*** PROVIDED INFORMATION Section Begins ***
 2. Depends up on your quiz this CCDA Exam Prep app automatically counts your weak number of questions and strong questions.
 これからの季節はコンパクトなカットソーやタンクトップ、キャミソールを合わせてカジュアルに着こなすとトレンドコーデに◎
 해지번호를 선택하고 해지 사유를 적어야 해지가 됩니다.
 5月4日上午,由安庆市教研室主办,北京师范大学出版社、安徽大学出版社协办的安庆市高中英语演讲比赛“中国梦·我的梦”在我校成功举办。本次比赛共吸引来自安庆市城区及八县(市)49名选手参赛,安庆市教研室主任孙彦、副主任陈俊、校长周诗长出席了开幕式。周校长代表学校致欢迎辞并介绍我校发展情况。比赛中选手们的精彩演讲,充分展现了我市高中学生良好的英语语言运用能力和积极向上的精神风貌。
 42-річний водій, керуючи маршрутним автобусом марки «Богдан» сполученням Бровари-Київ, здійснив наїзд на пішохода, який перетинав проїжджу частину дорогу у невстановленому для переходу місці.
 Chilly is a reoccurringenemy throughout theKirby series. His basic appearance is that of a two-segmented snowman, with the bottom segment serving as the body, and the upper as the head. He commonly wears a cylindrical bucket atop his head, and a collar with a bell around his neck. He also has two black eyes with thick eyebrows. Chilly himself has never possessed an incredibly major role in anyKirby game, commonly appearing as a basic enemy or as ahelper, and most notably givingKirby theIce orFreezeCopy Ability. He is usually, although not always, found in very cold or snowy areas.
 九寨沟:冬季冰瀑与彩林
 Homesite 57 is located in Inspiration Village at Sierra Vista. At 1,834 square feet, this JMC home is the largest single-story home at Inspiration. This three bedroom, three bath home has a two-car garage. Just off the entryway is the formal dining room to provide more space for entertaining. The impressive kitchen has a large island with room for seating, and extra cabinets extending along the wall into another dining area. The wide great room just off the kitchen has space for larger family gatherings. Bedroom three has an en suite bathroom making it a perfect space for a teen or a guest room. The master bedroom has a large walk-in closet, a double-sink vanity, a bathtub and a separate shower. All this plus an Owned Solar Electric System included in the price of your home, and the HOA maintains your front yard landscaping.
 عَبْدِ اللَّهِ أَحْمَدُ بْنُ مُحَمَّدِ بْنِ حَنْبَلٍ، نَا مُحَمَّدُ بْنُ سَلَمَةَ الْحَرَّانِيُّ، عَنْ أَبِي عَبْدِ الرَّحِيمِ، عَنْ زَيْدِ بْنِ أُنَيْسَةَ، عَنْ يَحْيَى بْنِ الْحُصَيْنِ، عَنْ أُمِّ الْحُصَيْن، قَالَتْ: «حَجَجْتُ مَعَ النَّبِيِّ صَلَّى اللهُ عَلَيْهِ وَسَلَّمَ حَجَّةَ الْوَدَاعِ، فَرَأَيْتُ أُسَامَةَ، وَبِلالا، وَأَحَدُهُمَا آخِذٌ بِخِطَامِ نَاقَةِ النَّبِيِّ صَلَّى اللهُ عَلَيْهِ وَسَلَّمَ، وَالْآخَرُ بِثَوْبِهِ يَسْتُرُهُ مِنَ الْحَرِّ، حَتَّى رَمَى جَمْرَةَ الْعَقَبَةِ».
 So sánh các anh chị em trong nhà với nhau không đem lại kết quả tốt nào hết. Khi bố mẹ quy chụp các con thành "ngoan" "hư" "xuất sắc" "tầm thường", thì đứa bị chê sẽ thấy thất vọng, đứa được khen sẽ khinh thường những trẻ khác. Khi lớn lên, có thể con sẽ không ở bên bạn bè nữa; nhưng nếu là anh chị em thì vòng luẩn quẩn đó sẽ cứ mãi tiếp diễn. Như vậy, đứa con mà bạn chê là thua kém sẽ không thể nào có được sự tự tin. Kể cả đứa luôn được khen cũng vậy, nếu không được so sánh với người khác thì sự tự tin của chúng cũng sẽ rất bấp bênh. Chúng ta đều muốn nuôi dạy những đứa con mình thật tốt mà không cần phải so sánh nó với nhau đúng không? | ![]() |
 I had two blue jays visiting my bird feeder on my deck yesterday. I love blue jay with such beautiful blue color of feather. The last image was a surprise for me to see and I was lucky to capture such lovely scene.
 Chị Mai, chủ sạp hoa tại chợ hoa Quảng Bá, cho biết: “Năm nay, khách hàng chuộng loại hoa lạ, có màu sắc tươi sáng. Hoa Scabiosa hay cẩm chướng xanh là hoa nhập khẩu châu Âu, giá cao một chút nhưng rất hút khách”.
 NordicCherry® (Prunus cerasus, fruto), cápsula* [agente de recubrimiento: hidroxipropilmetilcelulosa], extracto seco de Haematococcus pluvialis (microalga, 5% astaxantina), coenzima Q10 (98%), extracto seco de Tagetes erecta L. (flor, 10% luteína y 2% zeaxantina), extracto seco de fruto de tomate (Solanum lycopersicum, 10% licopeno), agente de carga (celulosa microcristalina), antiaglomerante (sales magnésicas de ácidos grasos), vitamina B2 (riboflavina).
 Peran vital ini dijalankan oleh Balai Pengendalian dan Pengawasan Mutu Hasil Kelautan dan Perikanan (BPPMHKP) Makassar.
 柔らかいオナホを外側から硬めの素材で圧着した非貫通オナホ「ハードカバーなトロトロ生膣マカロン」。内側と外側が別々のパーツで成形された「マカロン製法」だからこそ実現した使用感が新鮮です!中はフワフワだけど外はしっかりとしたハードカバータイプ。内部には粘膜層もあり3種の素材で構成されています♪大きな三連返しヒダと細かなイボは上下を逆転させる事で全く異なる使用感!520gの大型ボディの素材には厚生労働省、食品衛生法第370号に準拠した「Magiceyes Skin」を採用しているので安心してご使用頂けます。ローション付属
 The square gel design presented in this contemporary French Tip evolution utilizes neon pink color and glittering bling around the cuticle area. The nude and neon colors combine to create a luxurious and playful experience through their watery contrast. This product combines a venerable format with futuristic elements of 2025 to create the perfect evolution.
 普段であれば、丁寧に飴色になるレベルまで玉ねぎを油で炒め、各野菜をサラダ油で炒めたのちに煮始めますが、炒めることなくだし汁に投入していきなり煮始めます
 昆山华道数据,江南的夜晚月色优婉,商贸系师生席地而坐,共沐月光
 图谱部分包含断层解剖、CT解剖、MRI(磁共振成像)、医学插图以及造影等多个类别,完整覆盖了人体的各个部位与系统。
*** PROVIDED INFORMATION Section Ends ***
### WORK TASK
Include the first line of the listing, the line with "해지번호를 선택하고 해지 사유를 적어야 해지가 됩니다.", and every line between them, each repeated exactly, and output only those.

### REPLY TO THE TASK
 2. Depends up on your quiz this CCDA Exam Prep app automatically counts your weak number of questions and strong questions.
 これからの季節はコンパクトなカットソーやタンクトップ、キャミソールを合わせてカジュアルに着こなすとトレンドコーデに◎
 해지번호를 선택하고 해지 사유를 적어야 해지가 됩니다.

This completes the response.